What you have to do: A verbatim copy is needed of the lines below from the one containing "Fresh juices and" up to and including the one containing "Cooles niedliches geometrisches, trendy", excluding pictures.

(Material supplied)

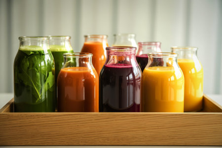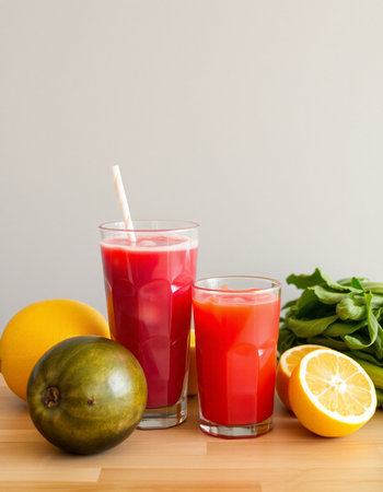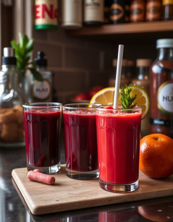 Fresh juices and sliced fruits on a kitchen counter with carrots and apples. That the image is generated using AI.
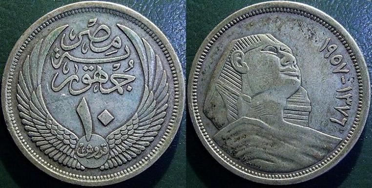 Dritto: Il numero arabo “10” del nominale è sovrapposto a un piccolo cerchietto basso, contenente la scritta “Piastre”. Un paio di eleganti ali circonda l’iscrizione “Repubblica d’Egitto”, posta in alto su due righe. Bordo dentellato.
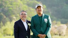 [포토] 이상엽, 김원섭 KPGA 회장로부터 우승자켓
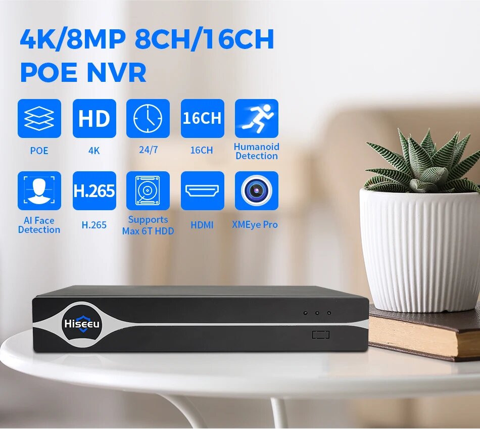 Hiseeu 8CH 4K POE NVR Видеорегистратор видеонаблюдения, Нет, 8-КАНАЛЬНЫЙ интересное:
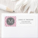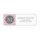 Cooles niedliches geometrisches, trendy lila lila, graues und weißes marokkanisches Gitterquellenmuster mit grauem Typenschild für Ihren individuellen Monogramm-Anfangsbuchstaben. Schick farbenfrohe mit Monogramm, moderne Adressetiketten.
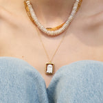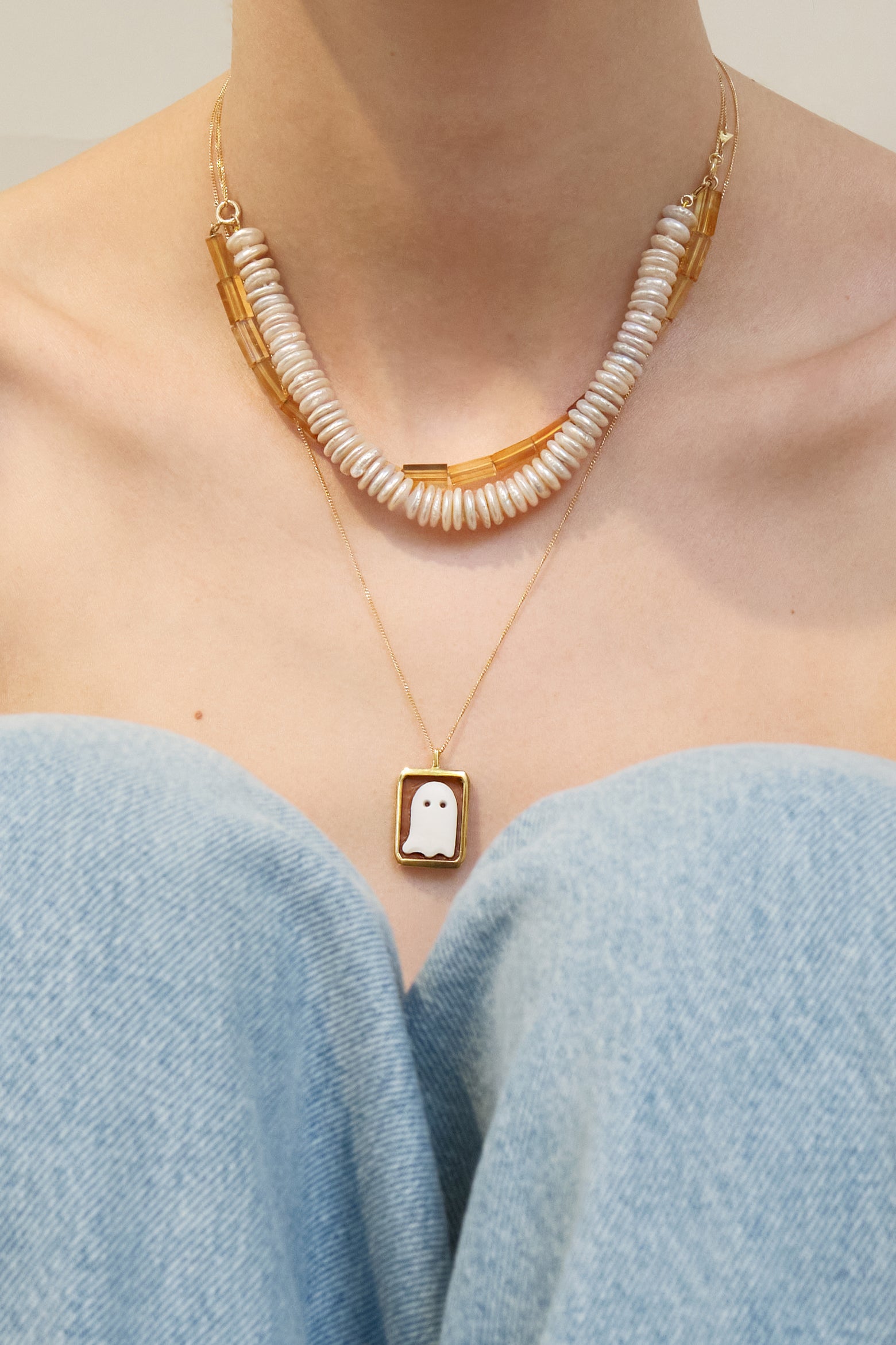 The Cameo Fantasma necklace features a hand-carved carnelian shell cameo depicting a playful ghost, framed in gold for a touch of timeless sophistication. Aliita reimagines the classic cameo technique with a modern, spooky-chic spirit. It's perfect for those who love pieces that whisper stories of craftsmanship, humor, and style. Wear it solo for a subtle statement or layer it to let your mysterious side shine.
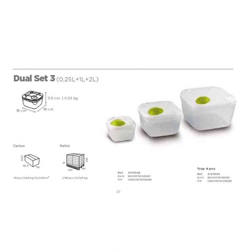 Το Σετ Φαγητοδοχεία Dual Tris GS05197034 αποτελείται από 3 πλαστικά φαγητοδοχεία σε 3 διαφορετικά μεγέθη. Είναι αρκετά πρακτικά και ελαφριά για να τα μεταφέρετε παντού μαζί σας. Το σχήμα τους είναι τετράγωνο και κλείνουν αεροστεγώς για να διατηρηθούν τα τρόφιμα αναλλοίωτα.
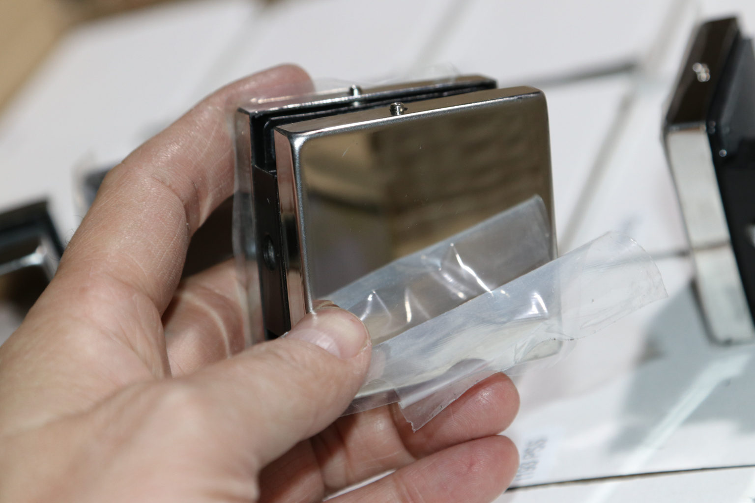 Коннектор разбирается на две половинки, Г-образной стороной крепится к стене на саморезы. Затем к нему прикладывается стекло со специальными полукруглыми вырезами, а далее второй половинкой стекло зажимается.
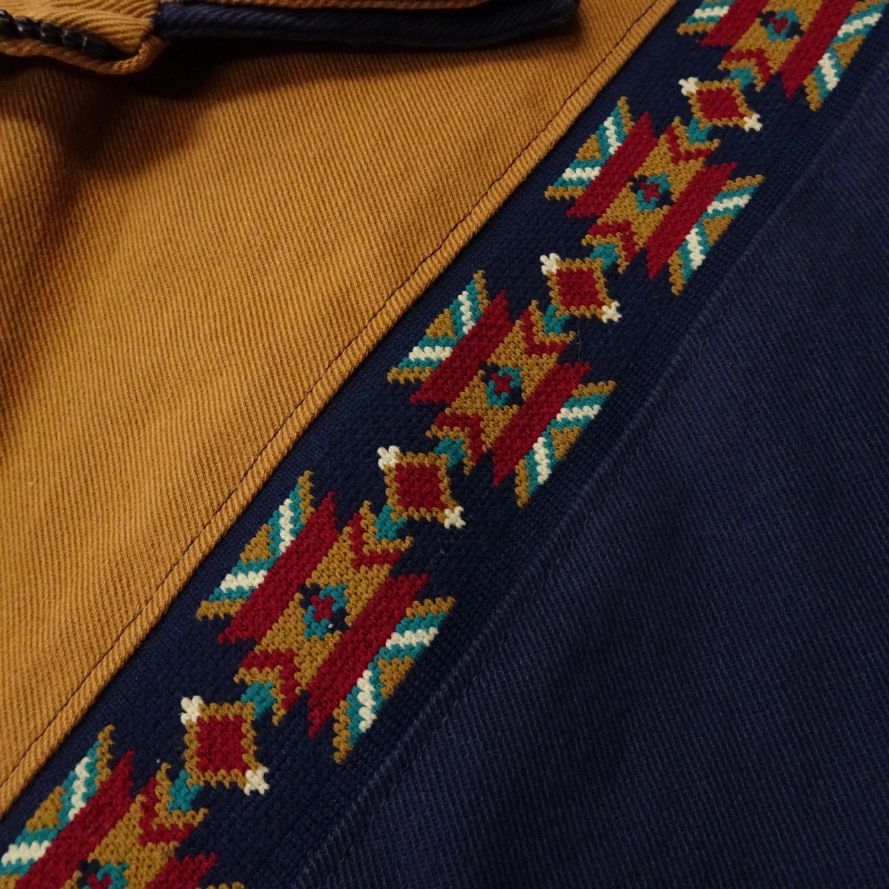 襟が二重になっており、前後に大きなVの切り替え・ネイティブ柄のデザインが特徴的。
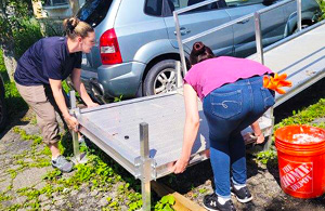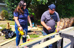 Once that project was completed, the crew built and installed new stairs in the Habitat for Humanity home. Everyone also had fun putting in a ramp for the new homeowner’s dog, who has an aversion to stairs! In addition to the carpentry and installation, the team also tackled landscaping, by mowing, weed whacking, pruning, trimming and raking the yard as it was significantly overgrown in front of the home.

(End Material supplied)
(Material supplied)

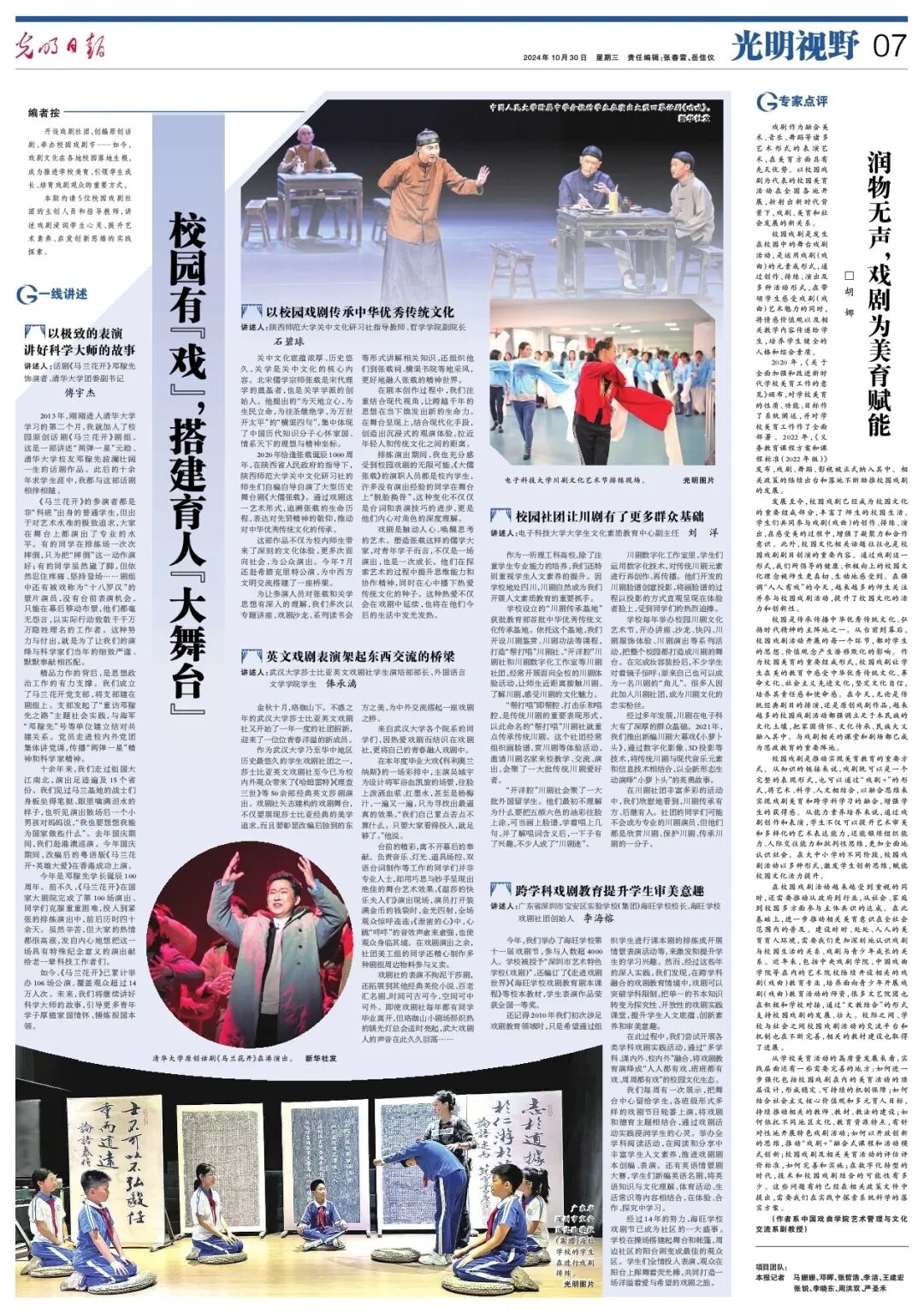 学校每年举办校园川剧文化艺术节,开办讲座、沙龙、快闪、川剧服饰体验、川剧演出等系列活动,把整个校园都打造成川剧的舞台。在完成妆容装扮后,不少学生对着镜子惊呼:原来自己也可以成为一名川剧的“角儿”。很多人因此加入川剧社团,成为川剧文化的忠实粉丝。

(End Material supplied)

Worked solution:
 Fresh juices and sliced fruits on a kitchen counter with carrots and apples. That the image is generated using AI.
 Dritto: Il numero arabo “10” del nominale è sovrapposto a un piccolo cerchietto basso, contenente la scritta “Piastre”. Un paio di eleganti ali circonda l’iscrizione “Repubblica d’Egitto”, posta in alto su due righe. Bordo dentellato.
 [포토] 이상엽, 김원섭 KPGA 회장로부터 우승자켓
 Hiseeu 8CH 4K POE NVR Видеорегистратор видеонаблюдения, Нет, 8-КАНАЛЬНЫЙ интересное:
 Cooles niedliches geometrisches, trendy lila lila, graues und weißes marokkanisches Gitterquellenmuster mit grauem Typenschild für Ihren individuellen Monogramm-Anfangsbuchstaben. Schick farbenfrohe mit Monogramm, moderne Adressetiketten.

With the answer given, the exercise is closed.